Dans une affaire ou des copropriétaires, après avoir acheté des lots de combles, ont transformé leur appartement en un duplex comportant plusieurs pièces supplémentaires, aboutissant à une valorisation globale des lots détenus, la Cour d'appel de Paris avait donc cru logique de débouter un copropriétaire de sa demande que soient réputées non écrites la clause de répartition des charges générales, et que le juge les modifie pour tenir compte de la valorisation de l'appartement concerné. Pour rejeter la demande, l'arrêt de la cour d'appel retient qu'il résulte des termes de l'article 5 de la loi du 10 juillet 1965 que l'estimation de la valeur relative des parties privatives s'opère "lors de l'établissement de la copropriété" et que la clause de répartition des charges générales ne peut pas être déclarée non écrite au motif que les critères de répartition des charges seraient d'ordre public.
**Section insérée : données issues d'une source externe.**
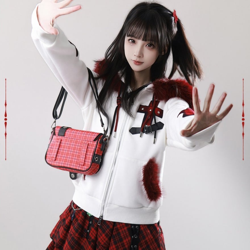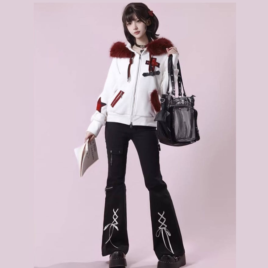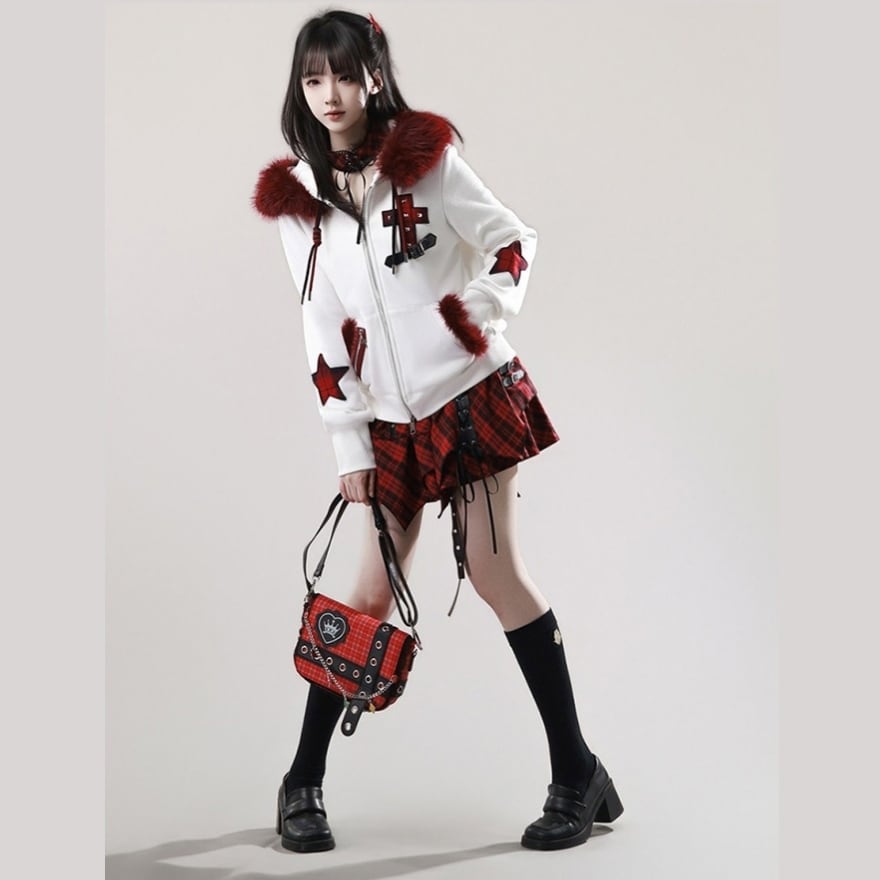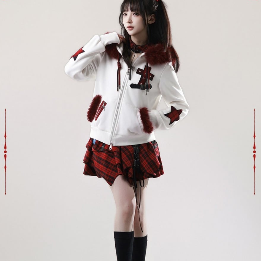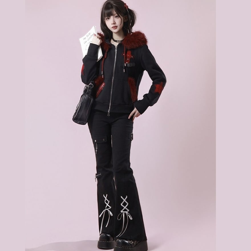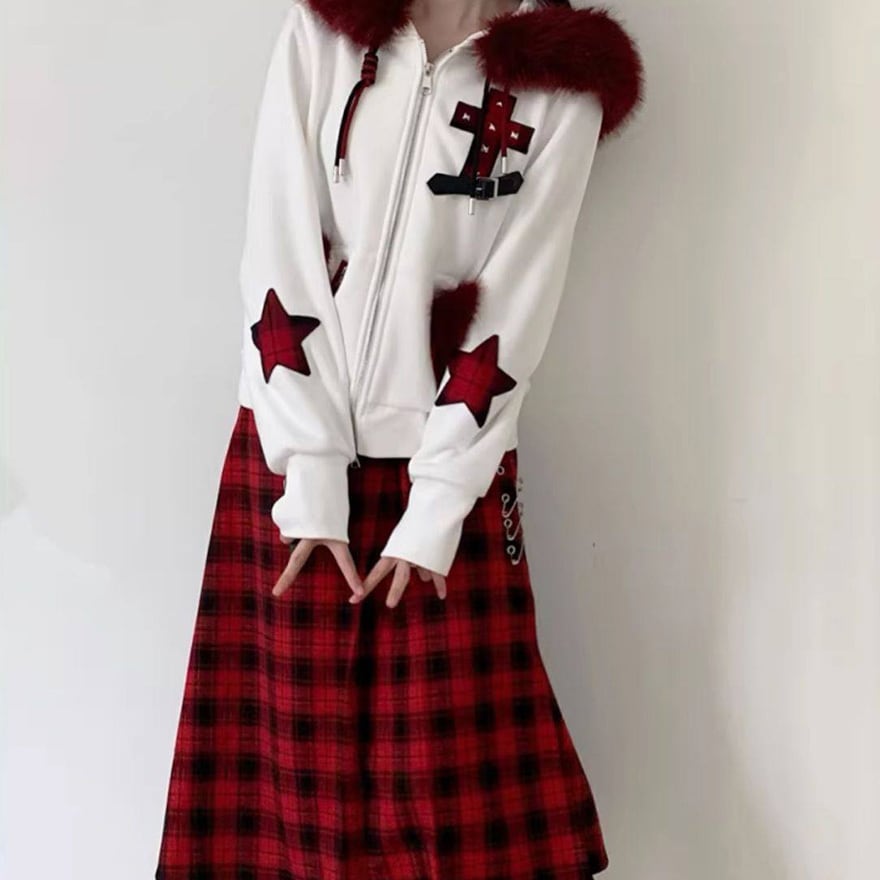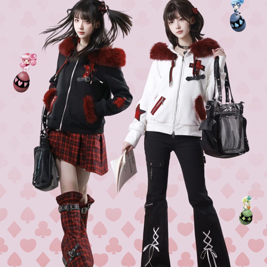 赤ファー付きクロスモチーフ ジップアップパーカー|ゴシック×サブカル対応 ユニセックスアウター|天使と悪魔

Surprise, la Cour de cassation censure la Cour d'appel de Paris : elle estime qu'ayant constaté que la transformation de l'appartement avait eu des répercussions sur la consistance, la superficie et la situation de leurs lots en augmentant la valeur relative de ceux-ci par rapport à celle de l'ensemble des parties privatives de l'immeuble, elle aurait dû accéder à la demande (1) !
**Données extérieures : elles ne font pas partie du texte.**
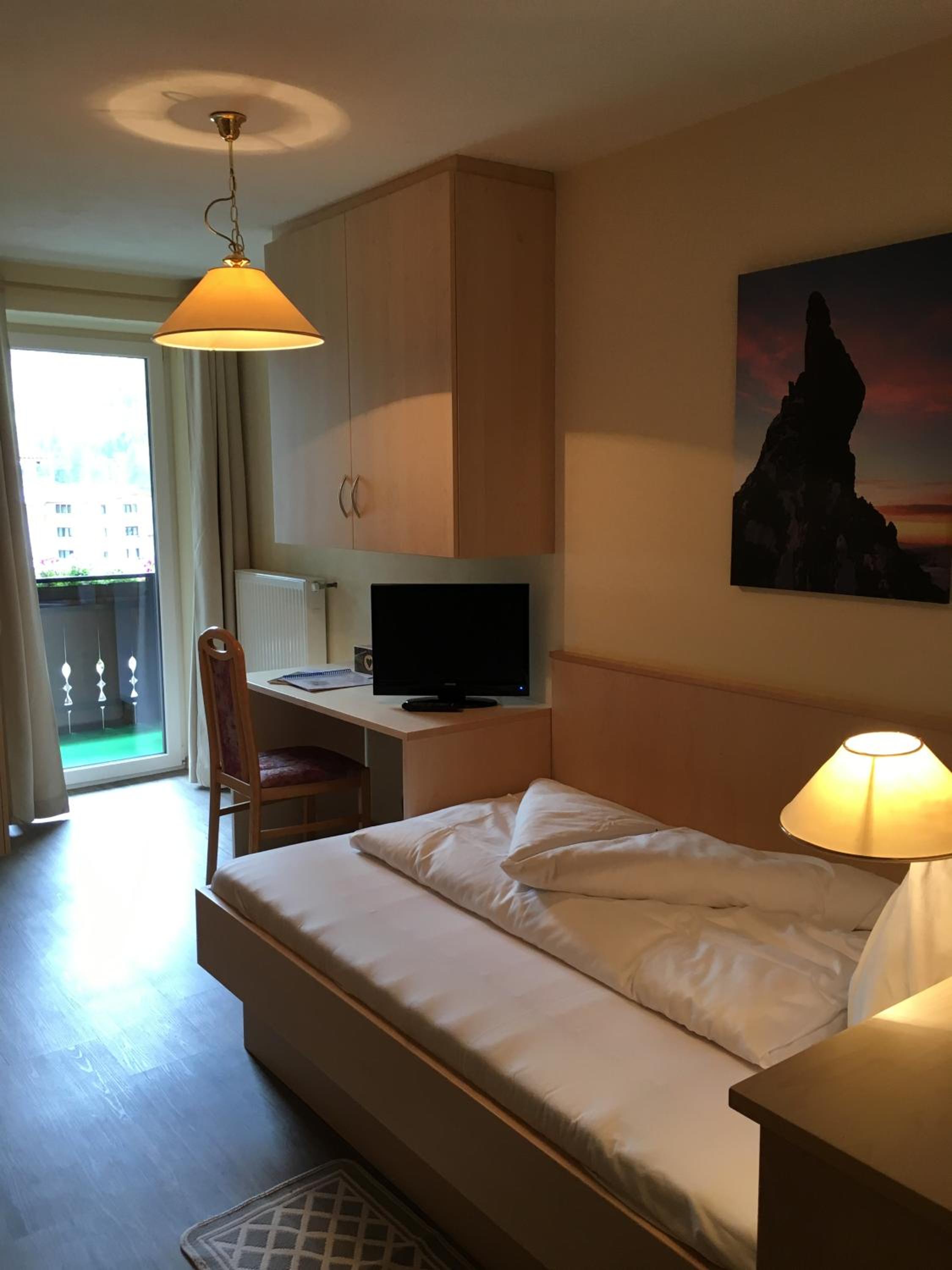 Immerse yourself in the traditional mountain atmosphere of Hotel Cornelia's rooms, each offering stunning valley or mountain views from a private balcony. The light-wood furniture and modern amenities like flat-screen TVs ensure a comfortable stay.
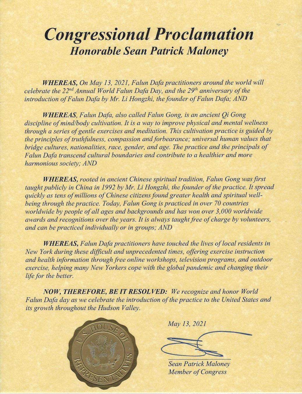 聯邦第十八選區國會議員肖恩﹒馬洛尼(Sean P. Maloney)發來褒獎,讚揚法輪大法為建立一個更健康、更祥和的社會做出了貢獻,讚揚法輪大法學員幫助許多紐約人應對全球瘟疫大流行並改善他們的生活,祝賀世界法輪大法日。
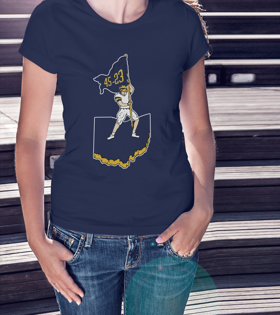 45-23 Football Player Flag Plant Ohio Outline T-Shirt
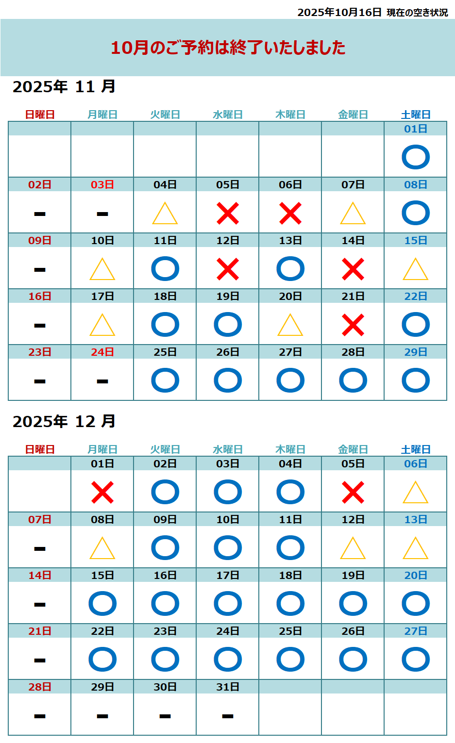 お電話で日程を決めさせていただきますが、基本的には2か月先までのご予約が可能です。

Cet arrêt appelle en réalité une interprétation fine qui n'apparaît pas dans les commentaires parus à ce jour : les tantièmes généraux fixés dans l'état descriptif de division, en principe conformément à l'article 5, fixent en premier lieu les quotes-parts de propriété des parties communes générales et en particulier du terrain de la copropriété. En aucun cas on ne peut imaginer que le juge puisse les modifier après coup, car cela entraînerait des transferts de propriété entre les copropriétaires. Mais la plupart du temps, les règlements de copropriété prévoient que la répartition des charges se fasse en fonction de ces mêmes tantièmes. L'arrêt de la Cour de cassation permet en fait au juge de procéder à la modification de la répartition des charges générales indépendamment des tantièmes généraux. Mais les tantièmes généraux restant inchangés, la modification n'affecte pas les voix avec lesquelles doivent voter les copropriétaires en assemblée sur les questions relatives à l'administration des parties communes et toutes les décisions qui peuvent être considérées comme liées à la propriété. Il y a donc dédoublement des grilles de tantièmes ; par contre, lorsqu'il s'agit de faire application de ce qui est devenu le III de l'article 24, à savoir la disposition selon laquelle, "lorsque le règlement de copropriété met à la charge de certains copropriétaires seulement les dépenses d'entretien d'une partie de l'immeuble ou celles d'entretien et de fonctionnement d'un élément d'équipement, il peut être prévu par ledit règlement que ces copropriétaires seuls prennent part au vote sur les décisions qui concernent ces dépenses", "chacun d'eux [votant] avec un nombre de voix proportionnel à sa participation auxdites dépenses", on doit alors utiliser la nouvelle répartition s'appliquant aux charges...
(1) Cass., 3ème Ch. civ., 28 janvier 2016, n°14-26921.